◆ Dataset excerpt

-=-=-=-=-

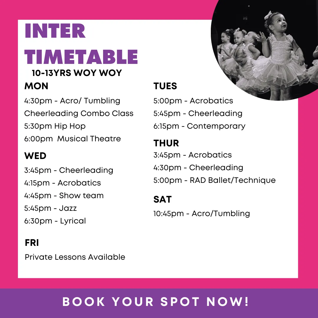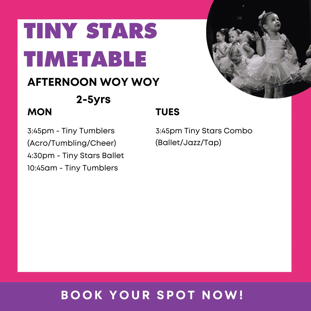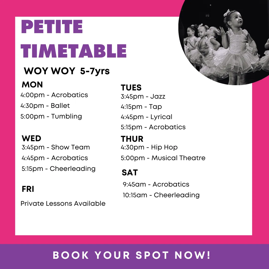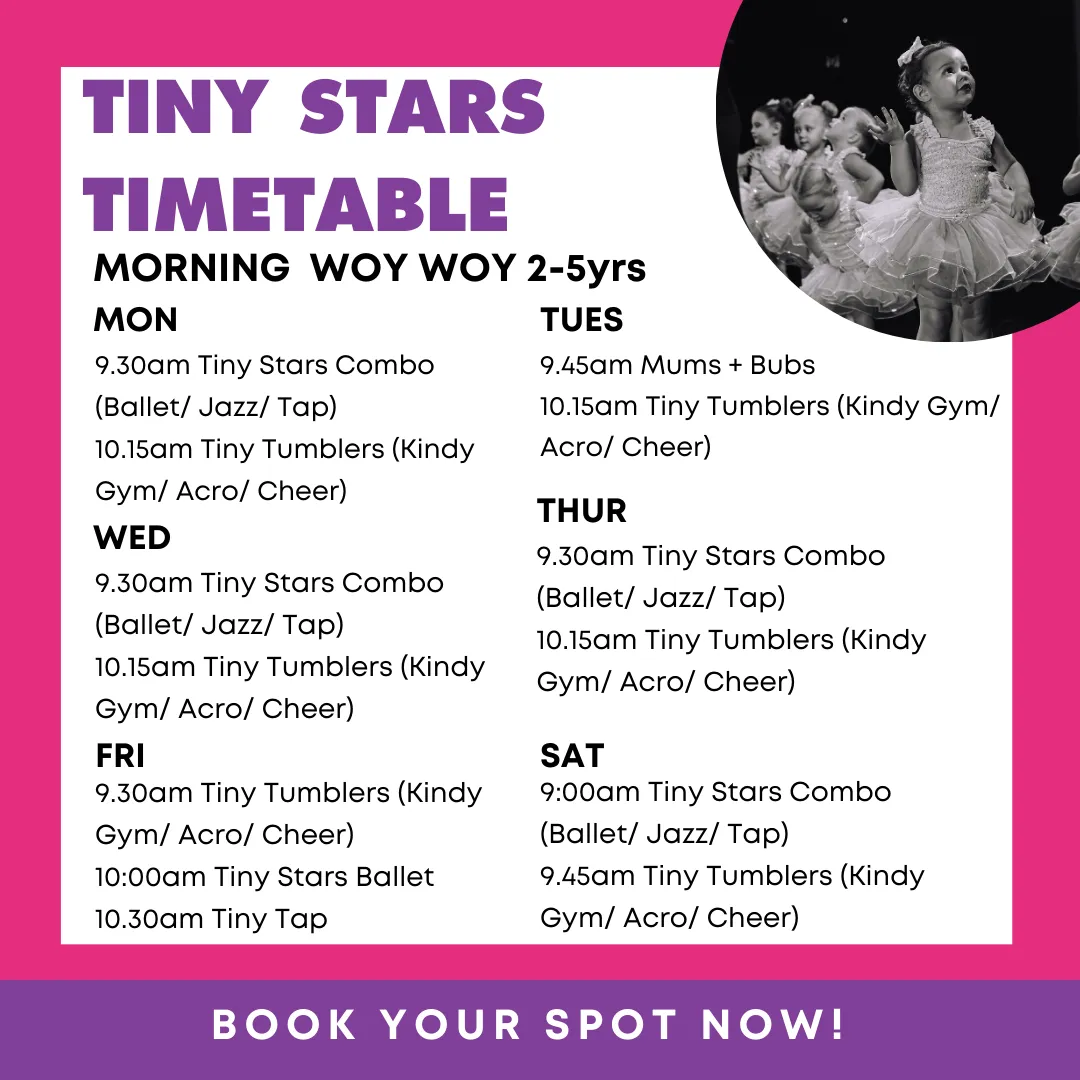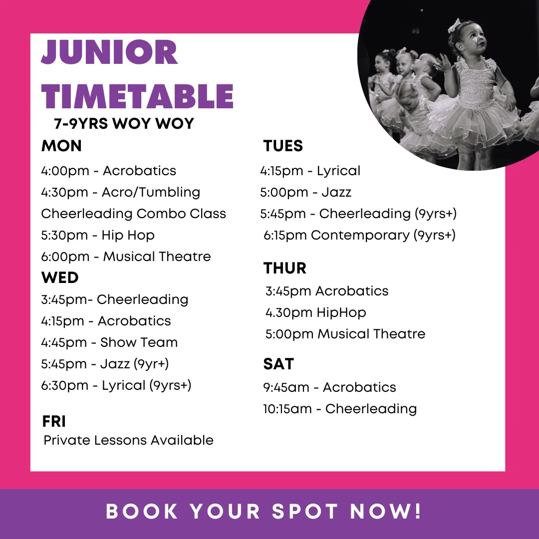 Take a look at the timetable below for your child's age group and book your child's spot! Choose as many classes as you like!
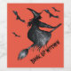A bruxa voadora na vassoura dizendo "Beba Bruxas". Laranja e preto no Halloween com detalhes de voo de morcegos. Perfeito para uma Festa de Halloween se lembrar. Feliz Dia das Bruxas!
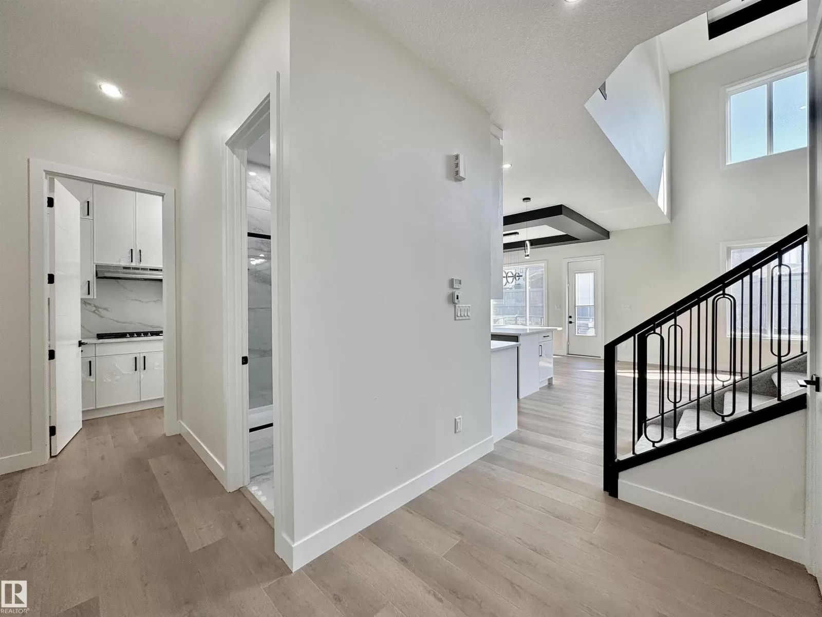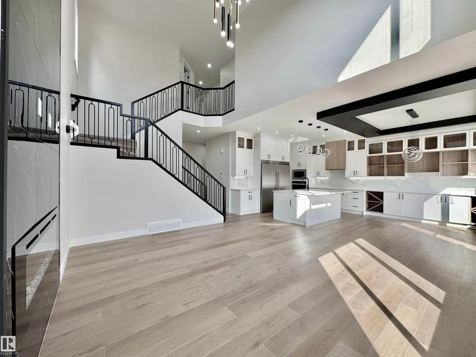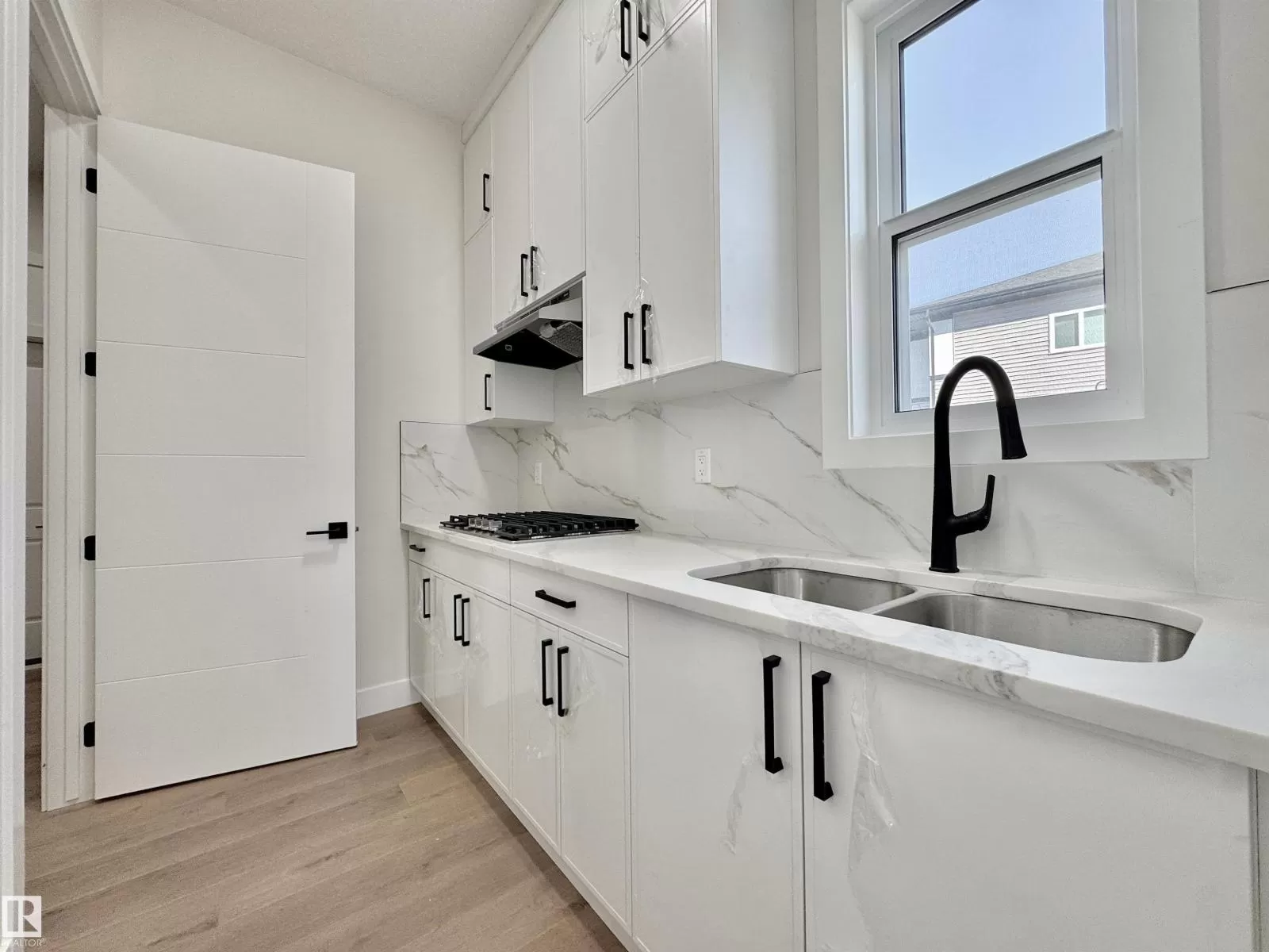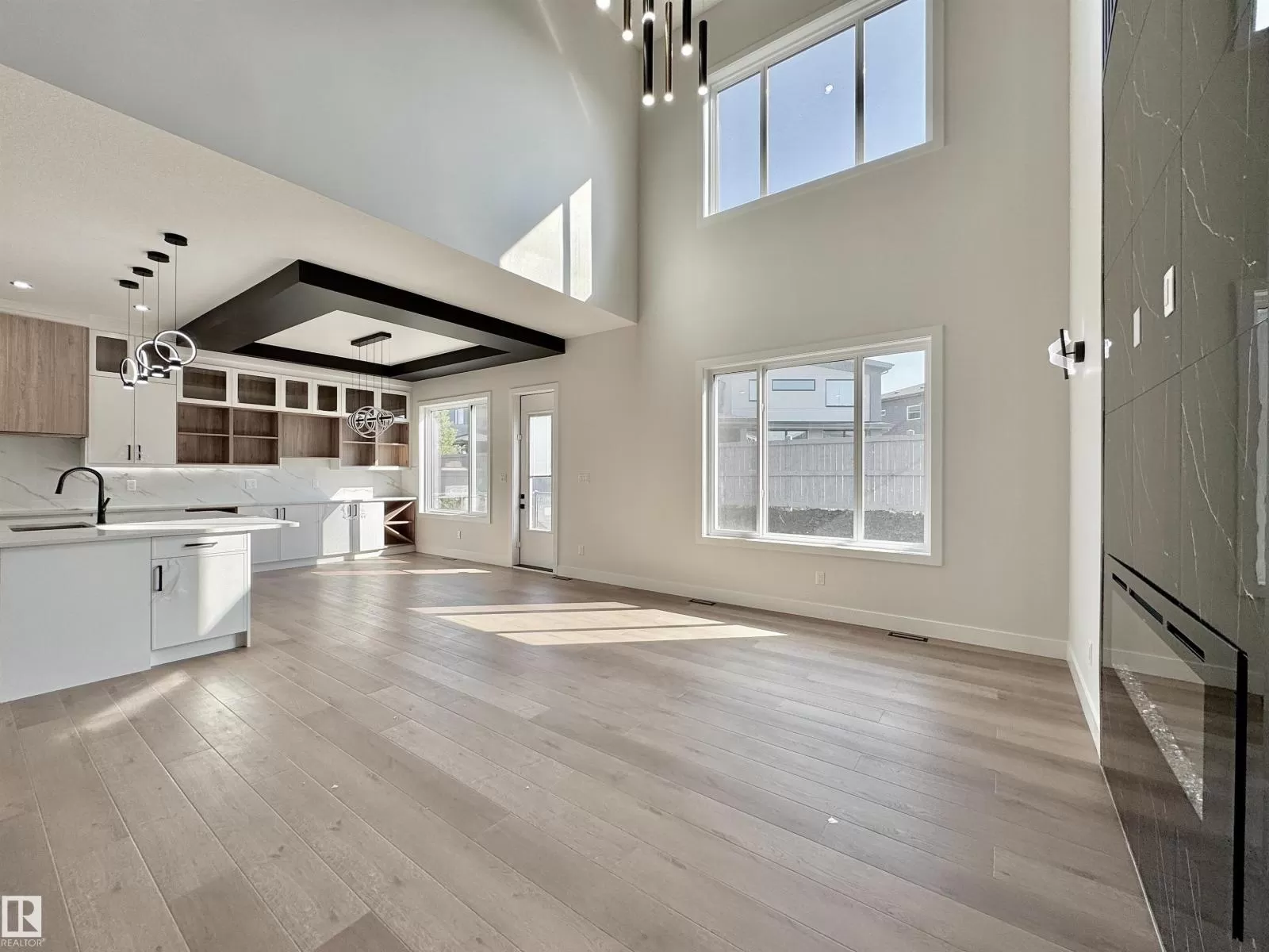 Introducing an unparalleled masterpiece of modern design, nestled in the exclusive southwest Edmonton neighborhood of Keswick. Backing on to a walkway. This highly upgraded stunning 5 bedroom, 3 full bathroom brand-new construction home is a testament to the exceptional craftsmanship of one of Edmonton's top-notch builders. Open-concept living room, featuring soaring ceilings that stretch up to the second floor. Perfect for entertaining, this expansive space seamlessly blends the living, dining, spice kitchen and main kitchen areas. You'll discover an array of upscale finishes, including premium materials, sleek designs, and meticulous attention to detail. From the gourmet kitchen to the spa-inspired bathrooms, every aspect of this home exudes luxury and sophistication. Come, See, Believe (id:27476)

-=-=-=-=-

◆ What you should do
Return, unchanged, the lines from the first line of the material through the line that holds "A bruxa voadora", inclusive, omitting pictures.

◆ Result of the task
 Take a look at the timetable below for your child's age group and book your child's spot! Choose as many classes as you like!
A bruxa voadora na vassoura dizendo "Beba Bruxas". Laranja e preto no Halloween com detalhes de voo de morcegos. Perfeito para uma Festa de Halloween se lembrar. Feliz Dia das Bruxas!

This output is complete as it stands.